What the task asks -
From the entries below, write out exactly the lines between the line holding "記者走訪發(fā)現(xià" and the line holding "Book Fairy Publishing", inclusive, excluding any pictures.

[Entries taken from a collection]

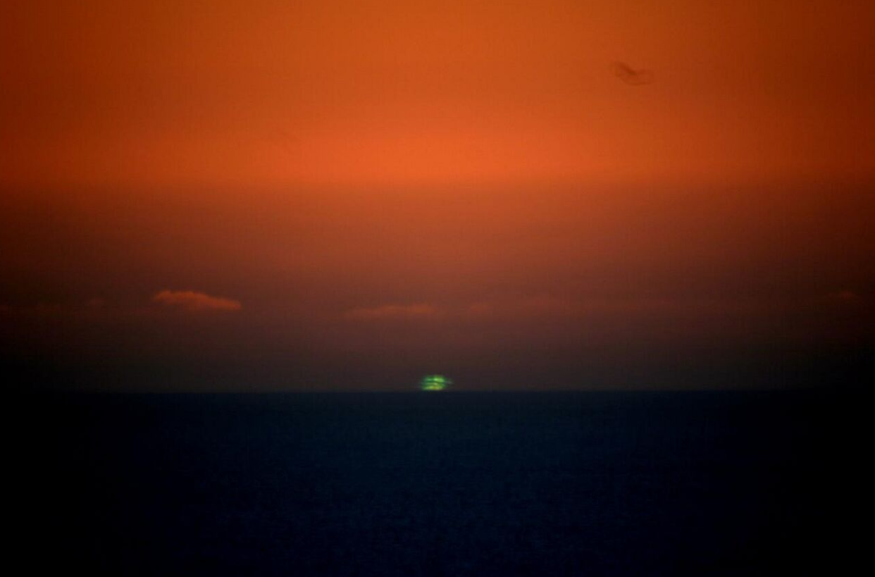 The Sun can sometimes appear as a green spot for a second or two as it is rising or setting: this is known as green flash. Roughly speaking, the red light from the Sun is blocked by Earth, the blue light is scattered by the atmosphere, and the green light is refracted by the atmosphere to the observer.[11]
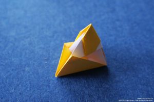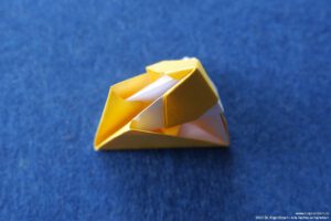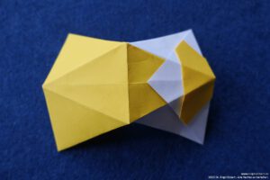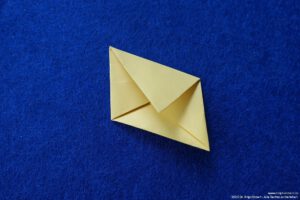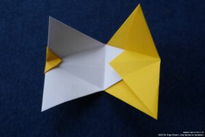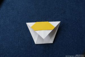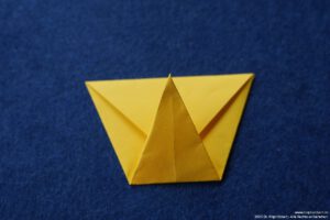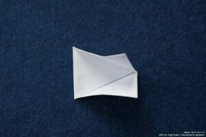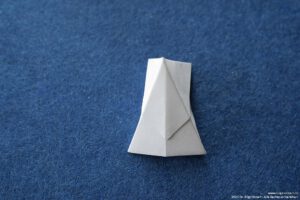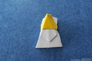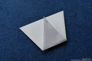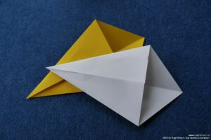 - Falte die überstehenden Ecken hinter das „Kopfpapier“ und falte die Bergfalten des „Körpers“ nach.
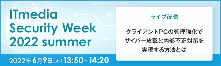 ライブ配信セミナー「ITmedia Security Week 2022 夏」に協賛、『クライアントPCの管理強化でサイバー攻撃と内部不正対策を実現する方法とは』をテーマに講演を実施いたします
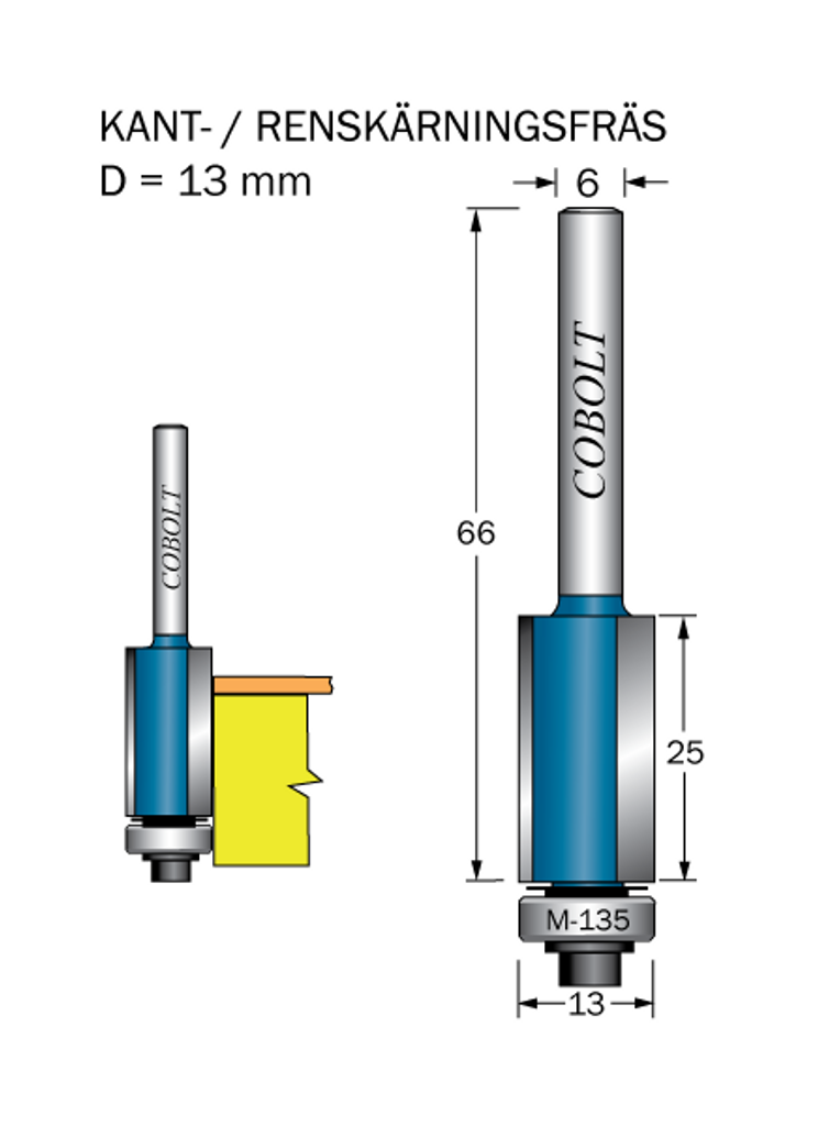 Cobolt Kantfräs D=13 L=25 TL=66 S=6
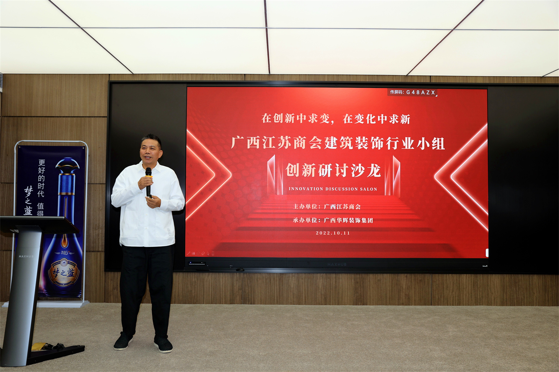 研讨会上,首先由商会执行会长、广西3118云顶集团官网装饰集团董事长、商会建筑装饰行业小组组长杨景忠致辞。他说,在喜迎党的二十大胜利召开之际,我们相聚在3118云顶集团官网装饰集团举办沙龙研讨会,作为商会建筑装饰行业小组组长,感谢商会给予3118云顶集团官网承办此次沙龙研讨会的机会。欢迎大家来到3118云顶集团官网装饰集团。杨景忠指出,我们要共同努力,紧密结合广西江苏商会的建筑装饰企业的发展特色,聚焦行业形势、难点问题、创新热点,共同探讨应对之策,广开思路、碰撞思想,搭建一个相互融通、共建互赢的创新平台,推动企业持续健康发展,开创高质量发展新局面,以实际行动迎接党的二十大胜利召开。
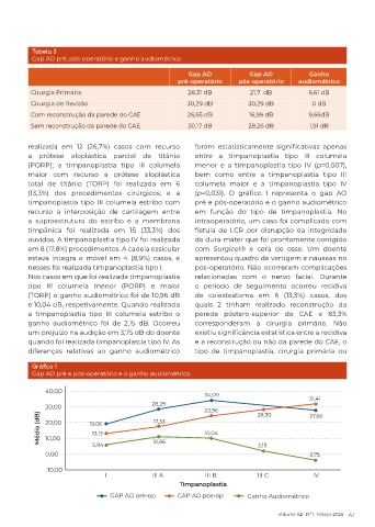 ganho audiométrico foi de 2,15 dB. Ocorreu corresponderam a cirurgia primária. Não
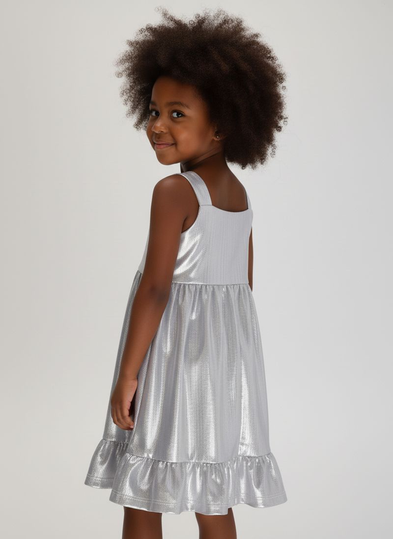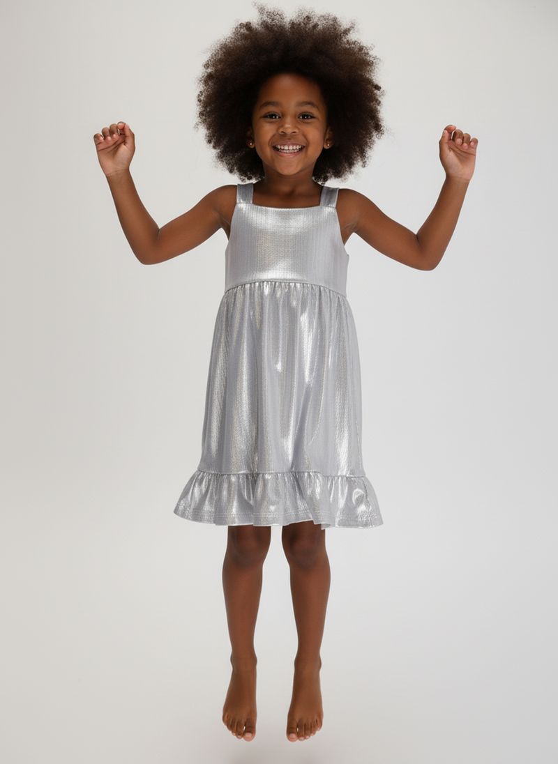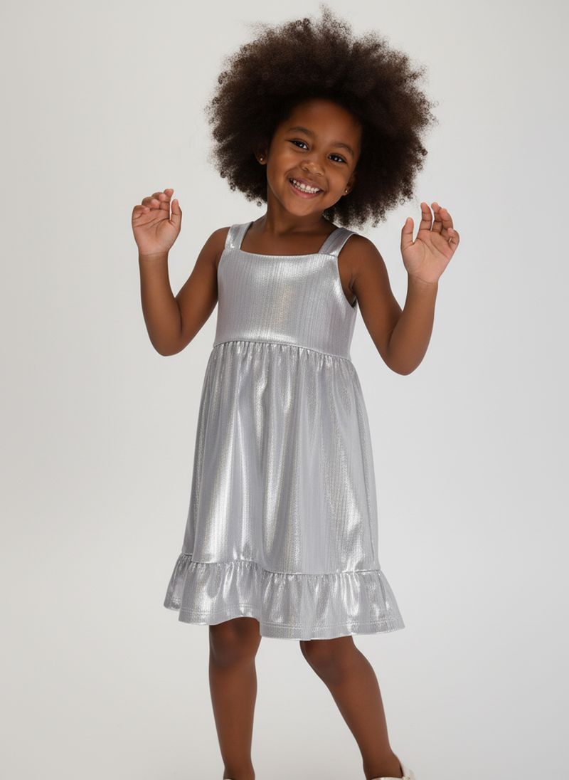 O Vestido Infantil Lurex Prata com Babado Caedu é perfeito para sua pequena brilhar! Com tecido lurex prateado cintilante, alças largas e babado na barra, oferece um look festivo e confortável. Ideal para momentos especiais, este vestido de moda infantil é puro encanto.
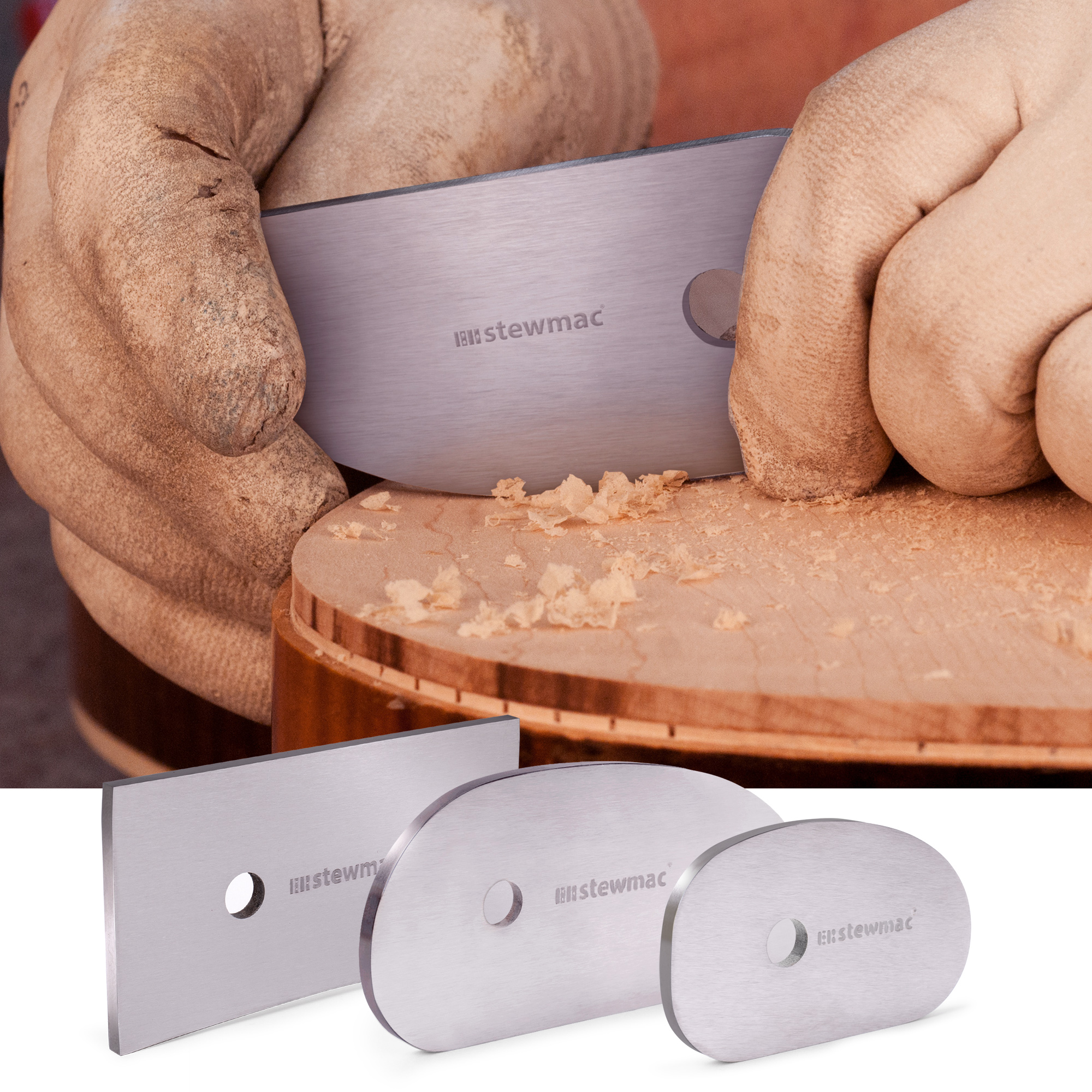 Leur épaisseur de 1/8 po confère aux grattoirs Ultimate Scraper une solidité nettement supérieure aux grattoirs traditionnels. Avec ses deux arêtes abrasives, l’outil enlève la matière dans les deux directions sans fléchir ni générer de vibrations. Cette caractéristique vous fait gagner du temps et vous facilite la tâche ! La tranche de cet outil en acier trempé est également plus durable. Les formes sont spécifiquement conçues pour pouvoir affiner et façonner à la main les tables et fonds d’instruments bombés, et pour aplanir les filets et les surfaces planes.
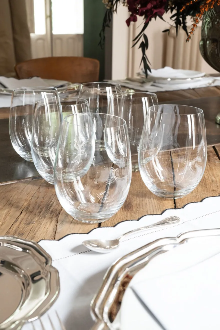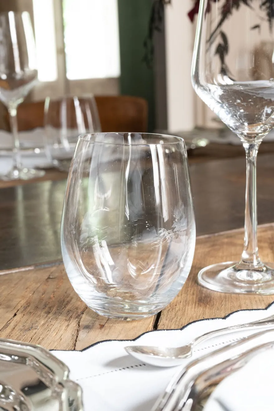 Set de seis vasos de cristal, anchos y finos, ya que sus bordes están cortados con láser fino.
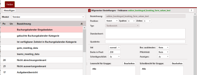 - Buchungskalender Eingabedaten (booking_form_values_text) – ist ein Textbereich, der für die Anzeige der im Buchungsformular übermittelten Daten verwendet wird. Auch für dieses Feld sollten Sie den Schreibschutz nicht verändern.
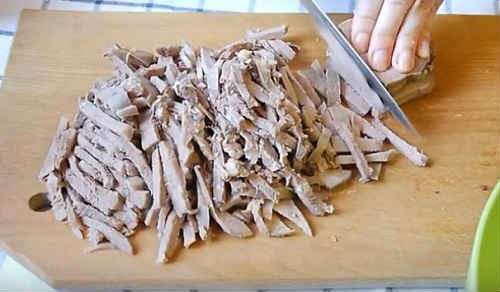 - Відваріть субпродукт, почистіть, поділіть соломкою.
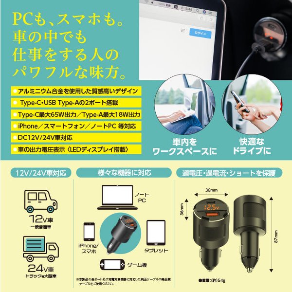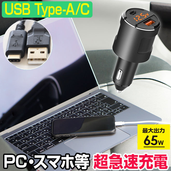 カーチャージャー シガーソケット 65W 超急速充電 USB 2ポート Type-C Type-A 12V 24V カー用品 カーアクセサリー 充電器 PC スマホ ゲーム 車 スマホ充電 パソコン タブレット 車内 車中泊 送料無料
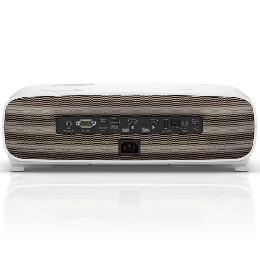 BenQ W2700 не е по-голям от типичните HD проектори за домашната всекидневна. Заоблените ръбове, металната лицева плоча и контрастиращото елегантно бяло покритие веднага го класират като истински проектор за домашно кино и забавление. Въртящите се ключове за увеличаване на картината и фокусиране са скрити под капаче в горната част, а черната плъзгаща се капачка на обектива е украсена с 4K лого. Плюс за W2700 е неговият стъклен обектив, включващ 10 елемента в осем групи, т.е. няма нищо общо с обичайните пластмасови обективи на бюджетни проектори и би трябвало да осигури далеч по-качествена картина. Обективът е способен да представя 100-инчово изображение (221.4х124.5 см) на доста близко разстояние от 2.50 до 3.27 м, което ще помогне при инсталацията дори и в по-малък хол, а в допълнение, проекторът предлага и вертикално изместване на картината +10%. Интерфейсът включва два HDMI порта, съвместими с 4K/ HDR, USB порт, способен да възпроизвежда голямо разнообразие от медийни файлове((MPEG1, MPEG4, H.263, Motion JPEG, MPEG1/2 Layer1, MPEG1/2 Layer2, FLAC, JPEG Base-line, JPEG Progressive, PNG non-interlace, PNG interlace, BMP), аудио изход (мини-жак), оптичен аудио изход, RS-232 порт за управление и 12V тригер за задействане на екран, щори или други устройства, както и 10W стерео звукова система.
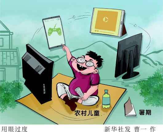 記者走訪發(fā)現(xiàn),暑期用眼過度的現(xiàn)象在不少農(nóng)村兒童中存在。有孩子跟著電視臺(tái)追劇,一看就是一整天;有家長(zhǎng)晨起上廁所,竟發(fā)現(xiàn)孩子“刷了一夜手機(jī)”;一位媽媽“吐槽”說,為了讓孩子少看電子產(chǎn)品,每天都要“斗智斗勇”:改密碼、藏充電線、沒收手機(jī)……
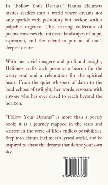 In "Follow Your Dreams," Hanna Helimets invites readers into a world where dreams not only sparkle with possibility but beckon with a palpable urgency. This stirring collection of poems traverses the intricate landscapes of hope, aspiration, and the relentless pursuit of one's deepest desires. With her vivid imagery and profound insight, Helimets crafts each poem as a beacon for the weary soul and a celebration for the spirited heart. From the quiet whispers of dawn to the loud echoes of twilight, her words resonate with anyone who has ever dared to reach beyond the horizon. "Follow Your Dreams" is more than a poetry book; it is a journey mapped in the stars and written in the verse of life's endless possibilities. Step into Hanna Helimets's lyrical world, and be inspired to chase the dreams that define your own sky. Copyright © 2024 Book Fairy Publishing
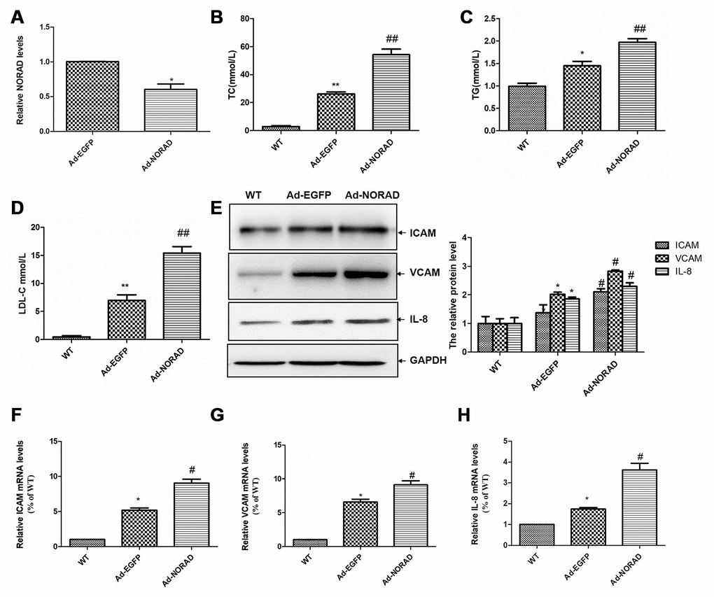 We detected the effects of NORAD-knockdown on the mRNA and protein levels of ICAM, VCAM, and IL-8 in the thoracic aortas. Western blot results showed that the levels of VCAM, ICAM, and IL-8 levels in Ad-EGFP group were significantly higher than those in WT group. The expression levels of them in Ad-NORAD group were further increased compared with those in Ad-EGFP group (Figure 5E). The results were confirmed by qRT-PCR at the mRNA level (Figure 5F–5H).

Task response -
 記者走訪發(fā)現(xiàn),暑期用眼過度的現(xiàn)象在不少農(nóng)村兒童中存在。有孩子跟著電視臺(tái)追劇,一看就是一整天;有家長(zhǎng)晨起上廁所,竟發(fā)現(xiàn)孩子“刷了一夜手機(jī)”;一位媽媽“吐槽”說,為了讓孩子少看電子產(chǎn)品,每天都要“斗智斗勇”:改密碼、藏充電線、沒收手機(jī)……
 In "Follow Your Dreams," Hanna Helimets invites readers into a world where dreams not only sparkle with possibility but beckon with a palpable urgency. This stirring collection of poems traverses the intricate landscapes of hope, aspiration, and the relentless pursuit of one's deepest desires. With her vivid imagery and profound insight, Helimets crafts each poem as a beacon for the weary soul and a celebration for the spirited heart. From the quiet whispers of dawn to the loud echoes of twilight, her words resonate with anyone who has ever dared to reach beyond the horizon. "Follow Your Dreams" is more than a poetry book; it is a journey mapped in the stars and written in the verse of life's endless possibilities. Step into Hanna Helimets's lyrical world, and be inspired to chase the dreams that define your own sky. Copyright © 2024 Book Fairy Publishing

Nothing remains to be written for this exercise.